## [Supplied data]
----

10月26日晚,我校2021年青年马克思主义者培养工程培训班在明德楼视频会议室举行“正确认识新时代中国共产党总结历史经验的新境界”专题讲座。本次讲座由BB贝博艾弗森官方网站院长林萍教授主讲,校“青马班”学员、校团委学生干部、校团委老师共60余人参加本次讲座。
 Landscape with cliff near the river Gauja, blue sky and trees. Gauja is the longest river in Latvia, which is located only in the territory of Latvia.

----

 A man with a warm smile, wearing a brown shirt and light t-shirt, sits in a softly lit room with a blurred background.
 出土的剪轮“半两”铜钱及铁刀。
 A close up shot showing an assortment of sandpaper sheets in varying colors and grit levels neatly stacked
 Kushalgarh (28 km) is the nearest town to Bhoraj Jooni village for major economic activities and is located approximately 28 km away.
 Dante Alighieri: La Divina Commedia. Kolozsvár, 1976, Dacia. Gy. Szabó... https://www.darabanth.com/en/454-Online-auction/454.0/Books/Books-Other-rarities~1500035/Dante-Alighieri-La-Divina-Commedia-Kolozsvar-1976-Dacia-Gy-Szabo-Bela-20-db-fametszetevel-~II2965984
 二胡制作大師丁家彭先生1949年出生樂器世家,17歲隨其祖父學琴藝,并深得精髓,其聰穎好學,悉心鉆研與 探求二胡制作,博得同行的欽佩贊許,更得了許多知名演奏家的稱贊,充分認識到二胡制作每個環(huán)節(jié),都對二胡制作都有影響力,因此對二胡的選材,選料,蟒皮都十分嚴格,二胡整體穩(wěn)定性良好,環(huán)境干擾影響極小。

----

## [Action item]
Retype the entries above exactly, but only from the line containing "Dante Alighieri: La" through the line containing "二胡制作大師丁家彭先生194", both included.

## [Exercise response]
 Dante Alighieri: La Divina Commedia. Kolozsvár, 1976, Dacia. Gy. Szabó... https://www.darabanth.com/en/454-Online-auction/454.0/Books/Books-Other-rarities~1500035/Dante-Alighieri-La-Divina-Commedia-Kolozsvar-1976-Dacia-Gy-Szabo-Bela-20-db-fametszetevel-~II2965984
 二胡制作大師丁家彭先生1949年出生樂器世家,17歲隨其祖父學琴藝,并深得精髓,其聰穎好學,悉心鉆研與 探求二胡制作,博得同行的欽佩贊許,更得了許多知名演奏家的稱贊,充分認識到二胡制作每個環(huán)節(jié),都對二胡制作都有影響力,因此對二胡的選材,選料,蟒皮都十分嚴格,二胡整體穩(wěn)定性良好,環(huán)境干擾影響極小。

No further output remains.